- _Source data_:
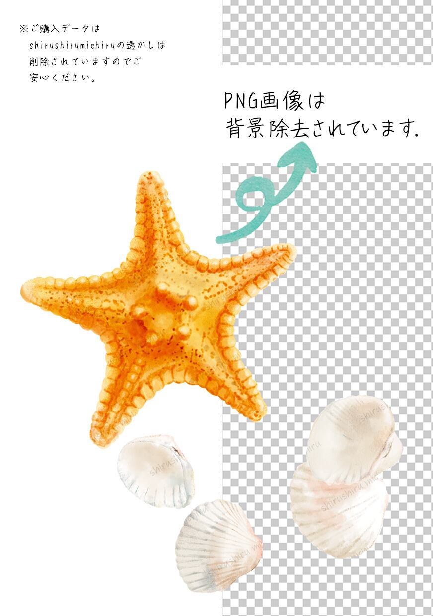 【 Base納品_【商品番号】illust Single SM52_Summer & Beach Illustrations-ヒトデと貝殻.zip 】
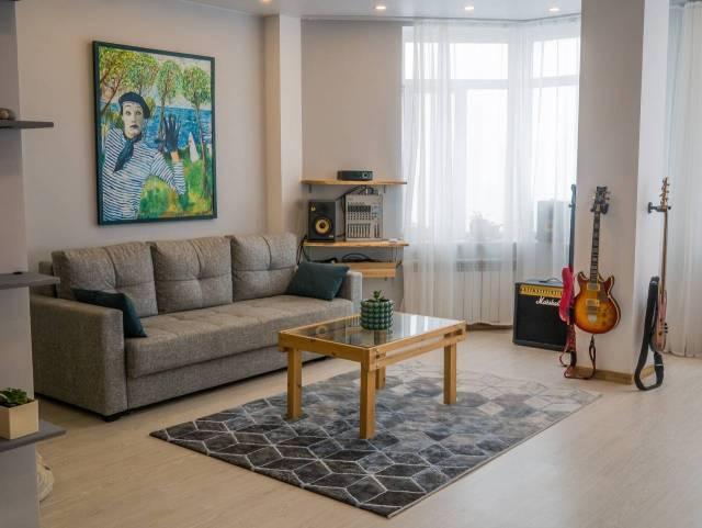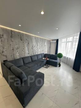 Особенности: Дизайнерский ремонт! Тёплый пол, Стены выровнены, Пластиковые окна, Софиты, Межкомнатные двери, Натяжной потолок, Железная дверь, Гардеробная
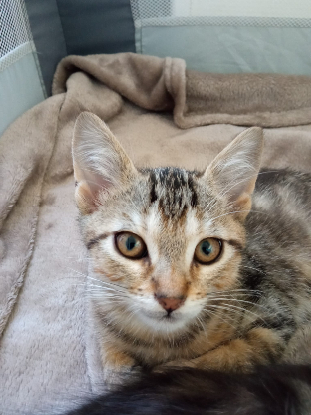 Poumba est un petit chaton très joueur, tout comme sa sœur Bulle. Il est un peu craintif mais pas du tout agressif. Il aime les caresses avec parcimonie mais il progresse. Il est encore tendu si on le prend à bras et fuit quand quelqu'un vient vers lui. La famille d'accueil travaille sur cela.
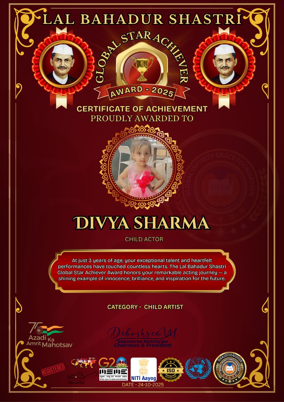 Divia from Tezpur (Assam) is surprising everyone by doing great things at her very young age. At the age of 3 Diviya has earned a lot of fame by working in 2 Assamese films. Apart from working in films Divia also doing modeling. She has recently been awarded The LAL BAHADUR SHASTRI GLOBAL ACHIEVER AWARD 2025.

- _Work instruction_:
Leaving the pictures out, write out all the material above exactly.

- _Expected answer_:
 【 Base納品_【商品番号】illust Single SM52_Summer & Beach Illustrations-ヒトデと貝殻.zip 】
 Особенности: Дизайнерский ремонт! Тёплый пол, Стены выровнены, Пластиковые окна, Софиты, Межкомнатные двери, Натяжной потолок, Железная дверь, Гардеробная
 Poumba est un petit chaton très joueur, tout comme sa sœur Bulle. Il est un peu craintif mais pas du tout agressif. Il aime les caresses avec parcimonie mais il progresse. Il est encore tendu si on le prend à bras et fuit quand quelqu'un vient vers lui. La famille d'accueil travaille sur cela.
 Divia from Tezpur (Assam) is surprising everyone by doing great things at her very young age. At the age of 3 Diviya has earned a lot of fame by working in 2 Assamese films. Apart from working in films Divia also doing modeling. She has recently been awarded The LAL BAHADUR SHASTRI GLOBAL ACHIEVER AWARD 2025.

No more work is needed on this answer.